** Problem to work on **
For the data below, restate word for word only the lines from the line containing "A beautiful 1st" through the line containing "ネイビーカラーのシンプルなデ", both ends included.
** Entries shown follows **
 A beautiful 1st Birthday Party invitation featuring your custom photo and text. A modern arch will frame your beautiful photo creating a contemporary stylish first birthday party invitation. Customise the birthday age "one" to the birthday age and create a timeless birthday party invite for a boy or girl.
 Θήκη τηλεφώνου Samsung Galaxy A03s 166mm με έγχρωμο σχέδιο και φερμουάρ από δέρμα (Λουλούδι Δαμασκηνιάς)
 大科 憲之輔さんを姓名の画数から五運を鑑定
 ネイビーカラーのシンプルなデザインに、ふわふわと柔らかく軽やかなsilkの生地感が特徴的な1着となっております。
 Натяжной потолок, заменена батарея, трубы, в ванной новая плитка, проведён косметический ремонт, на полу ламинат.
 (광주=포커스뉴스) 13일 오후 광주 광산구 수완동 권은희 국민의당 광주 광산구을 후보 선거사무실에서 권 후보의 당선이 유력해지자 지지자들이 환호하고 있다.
** End of Entries shown **
** Entries shown follows **
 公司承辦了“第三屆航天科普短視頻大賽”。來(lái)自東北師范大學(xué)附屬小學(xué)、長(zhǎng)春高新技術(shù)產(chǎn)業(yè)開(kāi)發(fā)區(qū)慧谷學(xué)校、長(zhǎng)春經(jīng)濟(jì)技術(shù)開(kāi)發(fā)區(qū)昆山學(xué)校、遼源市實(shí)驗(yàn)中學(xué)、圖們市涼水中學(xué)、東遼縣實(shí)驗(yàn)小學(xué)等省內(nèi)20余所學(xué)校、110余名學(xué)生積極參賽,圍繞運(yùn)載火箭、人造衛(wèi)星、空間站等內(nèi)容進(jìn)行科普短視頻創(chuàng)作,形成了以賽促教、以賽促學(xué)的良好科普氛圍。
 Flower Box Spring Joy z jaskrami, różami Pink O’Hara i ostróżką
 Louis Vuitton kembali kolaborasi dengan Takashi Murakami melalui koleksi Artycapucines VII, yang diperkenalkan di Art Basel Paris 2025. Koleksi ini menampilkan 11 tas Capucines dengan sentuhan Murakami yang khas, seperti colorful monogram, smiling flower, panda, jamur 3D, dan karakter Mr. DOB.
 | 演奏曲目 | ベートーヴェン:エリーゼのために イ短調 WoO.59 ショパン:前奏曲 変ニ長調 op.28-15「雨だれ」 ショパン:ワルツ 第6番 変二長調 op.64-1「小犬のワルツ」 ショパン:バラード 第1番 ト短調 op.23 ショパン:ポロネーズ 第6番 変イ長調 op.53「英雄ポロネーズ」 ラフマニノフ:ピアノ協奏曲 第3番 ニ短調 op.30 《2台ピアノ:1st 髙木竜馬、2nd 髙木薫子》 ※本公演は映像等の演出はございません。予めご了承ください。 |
** End of Entries shown **
** Entries shown follows **
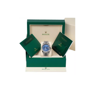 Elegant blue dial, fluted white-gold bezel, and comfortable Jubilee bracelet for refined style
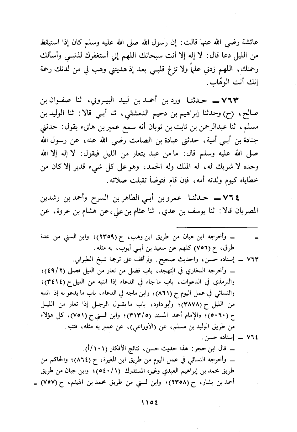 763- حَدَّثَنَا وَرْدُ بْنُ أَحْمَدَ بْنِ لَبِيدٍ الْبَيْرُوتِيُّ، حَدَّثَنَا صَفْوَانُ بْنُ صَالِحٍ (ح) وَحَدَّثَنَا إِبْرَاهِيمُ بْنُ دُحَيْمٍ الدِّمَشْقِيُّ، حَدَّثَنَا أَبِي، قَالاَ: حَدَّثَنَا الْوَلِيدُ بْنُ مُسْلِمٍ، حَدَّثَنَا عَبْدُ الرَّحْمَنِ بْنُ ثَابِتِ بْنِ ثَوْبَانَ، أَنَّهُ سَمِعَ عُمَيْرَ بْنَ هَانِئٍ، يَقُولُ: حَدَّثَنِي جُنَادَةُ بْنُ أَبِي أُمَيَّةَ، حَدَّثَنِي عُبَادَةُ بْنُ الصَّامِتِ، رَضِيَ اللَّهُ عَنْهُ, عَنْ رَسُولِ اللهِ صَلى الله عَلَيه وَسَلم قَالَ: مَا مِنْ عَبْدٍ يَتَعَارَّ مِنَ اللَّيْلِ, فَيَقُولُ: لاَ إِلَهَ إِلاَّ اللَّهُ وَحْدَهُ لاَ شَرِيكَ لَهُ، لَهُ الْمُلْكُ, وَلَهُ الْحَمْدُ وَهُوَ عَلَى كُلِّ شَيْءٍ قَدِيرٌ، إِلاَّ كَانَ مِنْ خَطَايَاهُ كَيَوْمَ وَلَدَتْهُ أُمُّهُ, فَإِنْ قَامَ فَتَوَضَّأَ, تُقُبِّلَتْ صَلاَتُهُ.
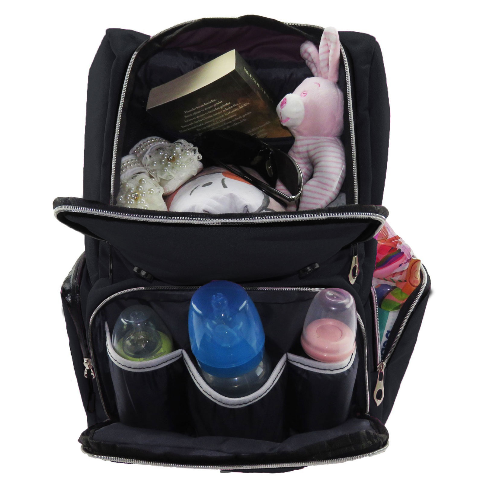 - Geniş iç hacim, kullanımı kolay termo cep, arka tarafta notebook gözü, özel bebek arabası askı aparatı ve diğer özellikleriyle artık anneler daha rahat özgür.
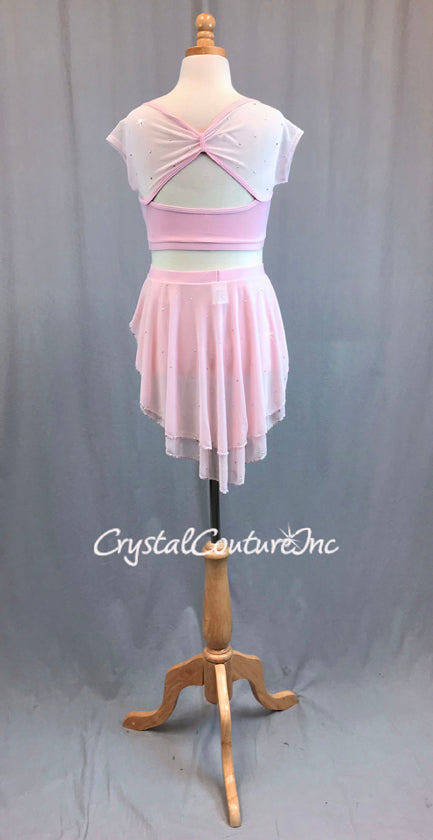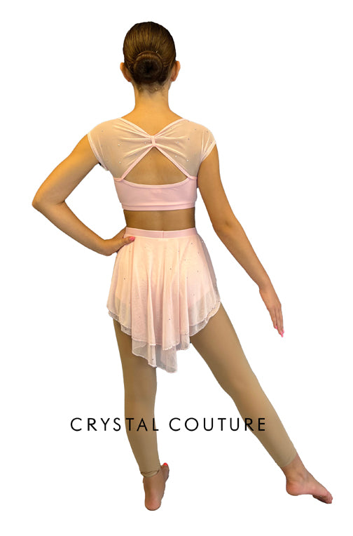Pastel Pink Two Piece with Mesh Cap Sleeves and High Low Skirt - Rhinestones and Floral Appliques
** End of Entries shown **
** Your solution **
 A beautiful 1st Birthday Party invitation featuring your custom photo and text. A modern arch will frame your beautiful photo creating a contemporary stylish first birthday party invitation. Customise the birthday age "one" to the birthday age and create a timeless birthday party invite for a boy or girl.
 Θήκη τηλεφώνου Samsung Galaxy A03s 166mm με έγχρωμο σχέδιο και φερμουάρ από δέρμα (Λουλούδι Δαμασκηνιάς)
 大科 憲之輔さんを姓名の画数から五運を鑑定
 ネイビーカラーのシンプルなデザインに、ふわふわと柔らかく軽やかなsilkの生地感が特徴的な1着となっております。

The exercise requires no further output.